Estimated Impact: 30-50% reduction (0.3-0.4s savings)

Priority: ๐Ÿ”ด HIGH


2. Deep Copy Operations - CRITICAL

Impact: 0.968s cumulative (19.8% of total time) Calls: 639,109 deepcopy calls

Current Usage: - Board state copying - Symbol copying - Configuration copying

Problem: Excessive deepcopy usage (639K+ calls for 1K sims)

Optimization Opportunities: 1. Reduce deepcopy usage - Use shallow copy where safe 2. Object pooling - Reuse symbol objects instead of copying 3. Immutable data structures - Eliminate need for copying 4. Manual copying - Write custom copy methods for specific cases

Estimated Impact: 40-60% reduction (0.4-0.6s savings)

Priority: ๐Ÿ”ด HIGH


3. Multiprocessing Overhead - CANNOT OPTIMIZE

Impact: 0.896s (18.3% of total time) Calls: 520 posix.read calls

Analysis: This is overhead from multiprocessing communication (Manager, Pipes). It's necessary for parallel execution and cannot be optimized without changing architecture.

Trade-off: Multiprocessing provides speedup for large simulations (threads > 1), but adds overhead for small batches.

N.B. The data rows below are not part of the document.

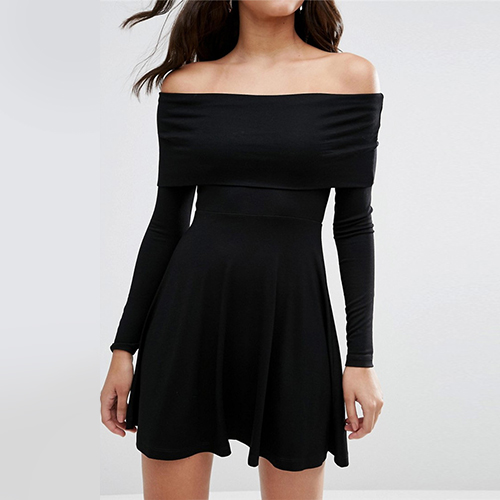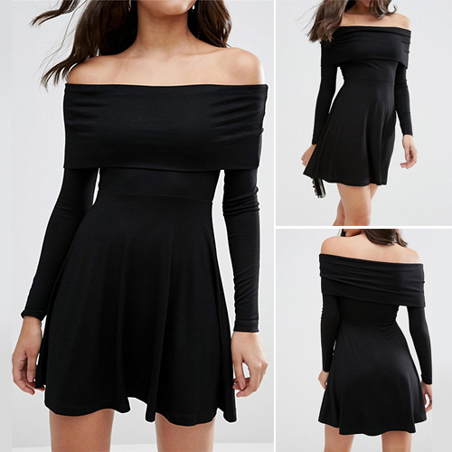 Very simple design, you can get a concise and fashion style with this dress. Off shoulder construction,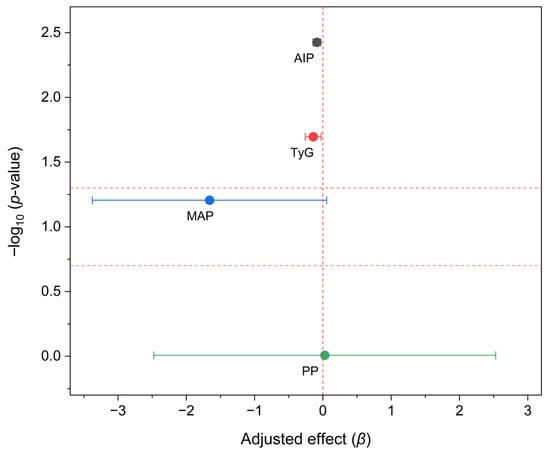 where TG and HDL-c were expressed in mmol/L for AIP, and TG and glucose in mg/dL for the TyG calculation [,,]. Secondary outcomes included changes in TC, LDL-c, VLDL-c, HDL-c, TG, MAP, and PP.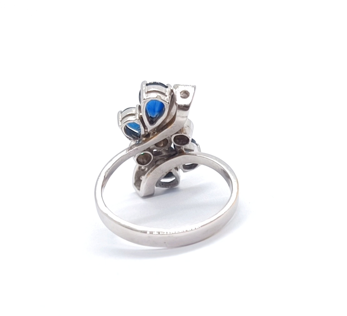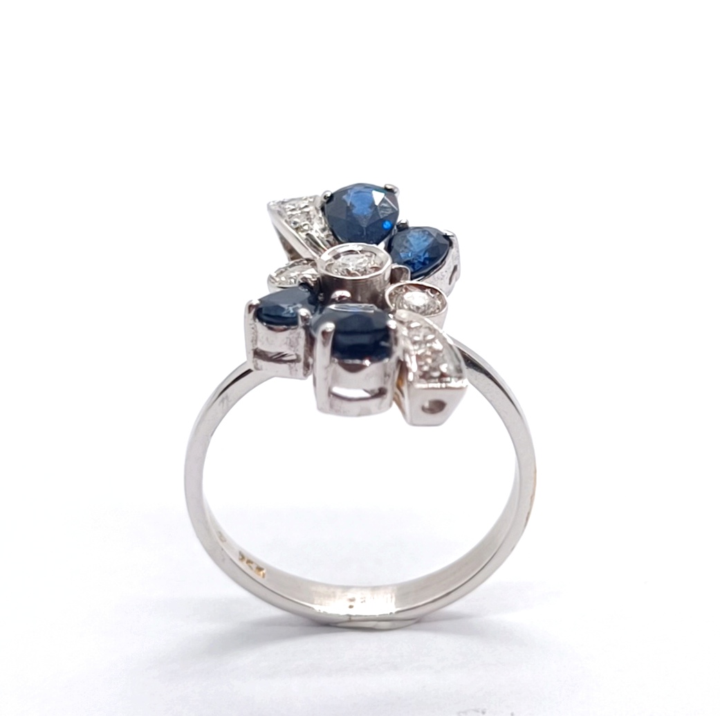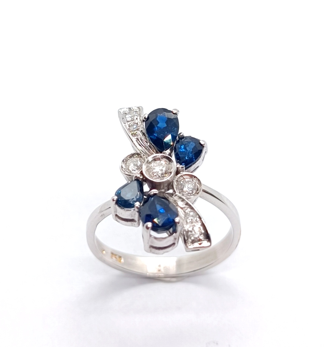 Zlatý prsten se safíry a diamanty briliantového brusu o celkové hmotnosti 0,21 ct, Au btto 4,70g/750/1000, Západní Evropa, 70. léta 20. století; velikost prstenu 51

Recommendation: Accept this overhead. For production use with 10K+ sims and multiple threads, the benefit outweighs the cost.

Priority: โšช ACCEPT


4. Set Operations - MEDIUM PRIORITY

Impact: 0.238s (4.9% of total time) Calls: 2,995,341 set.add operations

Current Usage: - Tracking winning positions - Tracking special symbols - Building line/cluster sets

Optimization Opportunities: 1. Use lists where order matters - Lists are faster for small collections 2. Pre-allocate sets - Reduce resizing overhead 3. Batch operations - Fewer, larger set operations

Estimated Impact: 10-20% reduction (0.02-0.05s savings)

Priority: ๐ŸŸก MEDIUM


5. JSON Encoding - LOW PRIORITY

Impact: 0.225s (4.6% of total time) Calls: 5,522 encoder.iterencode calls

Analysis: JSON encoding is necessary for output. Already optimized in Phase 3.1 (OutputFormatter).

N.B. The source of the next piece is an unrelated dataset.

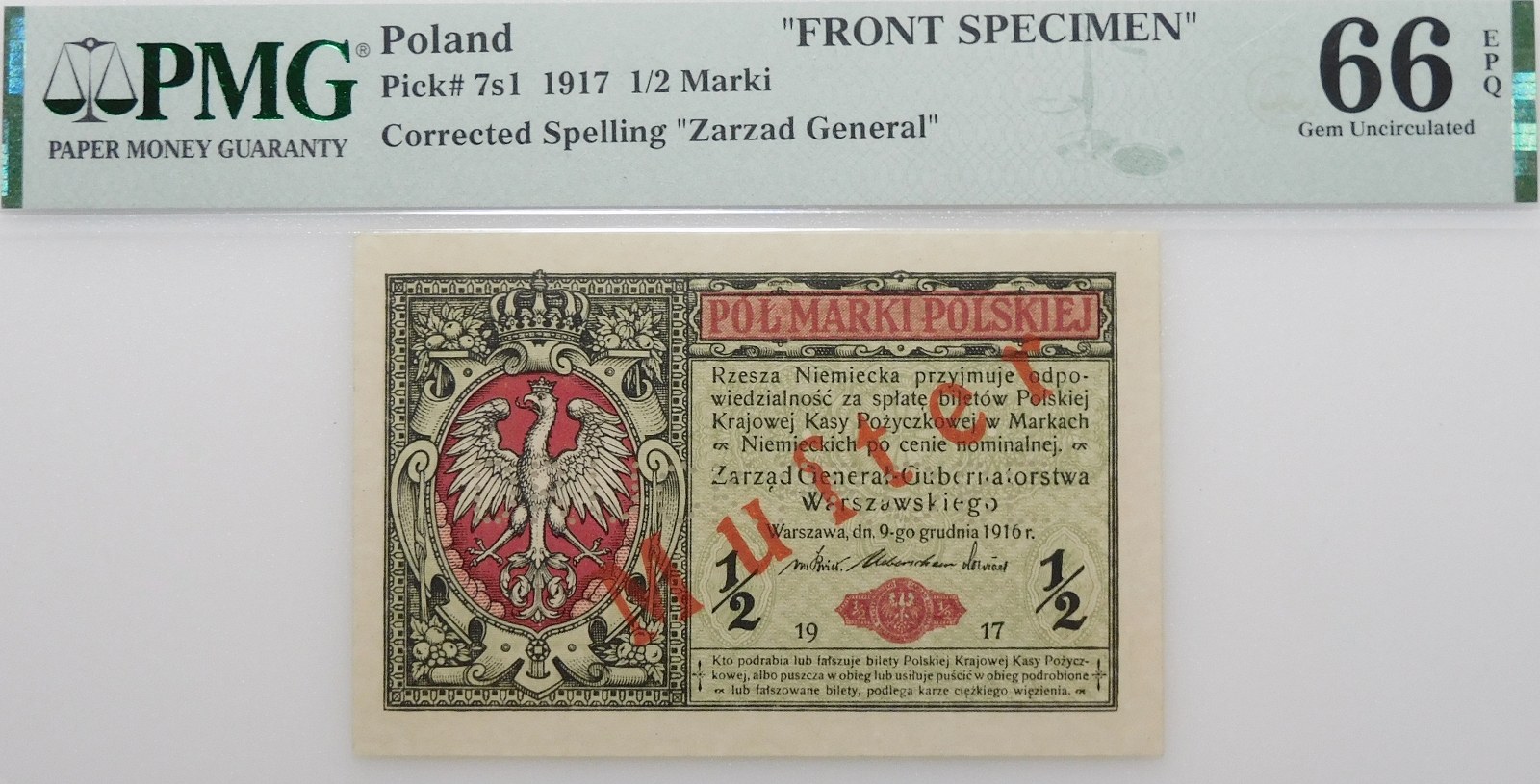 Wzór odmiany z późniejszą klauzulą, z prawidłowo użytym słowem „Generał”. Druk jednostronny awersu (rewers niezadrukowany) na oryginalnym papierze, z właściwym dla tego nominału znakiem wodnym, z ukośnym nadrukiem "Muster" w kolorze czerwonym i poziomą perforacją "DRUCKPROBE". Wzory emisji marek polskich GG 1916 należą do jednych z rzadszych wzorów w banknotach polskich, tu pozyskania każdego egzemplarza jest trudne, zwłaszcza w tak idealnym stanie zachowania.

Additional Opportunities: 1. Use orjson library - 2-3x faster than standard json 2. Batch writes - Write larger chunks less frequently 3. Binary format - Use msgpack or pickle for internal use

Estimated Impact: 30-50% reduction (0.07-0.11s savings) with orjson

Priority: ๐ŸŸข LOW (already optimized in Phase 3.1)


Optimization Recommendations

Phase 5.1A: Quick Wins (1-2 hours)

1. Cache Symbol Paytable Lookups โœ…

File: src/calculations/symbol.py:122

Change:

class Symbol:
    _paying_symbols_cache = {}  # Class-level cache

    def assign_paying_bool(self):
        # Use cached lookup instead of recalculating
        cache_key = (self.name, self.config_hash)
        if cache_key in Symbol._paying_symbols_cache:
            self.paying = Symbol._paying_symbols_cache[cache_key]
        else:
            # Original logic
            self.paying = self._check_paytable()
            Symbol._paying_symbols_cache[cache_key] = self.paying

Impact: -0.3s to -0.4s (6-8% total speedup)

2. Reduce Unnecessary Deepcopy โœ…

Files: board.py, game_state.py

Change: Identify where deepcopy is used unnecessarily and replace with: - Shallow copy for simple dicts/lists - Reference passing for read-only data - Custom copy methods for specific classes

Impact: -0.4s to -0.6s (8-12% total speedup)

Combined Quick Wins: 14-20% faster (4.9s โ†’ 4.0-4.2s)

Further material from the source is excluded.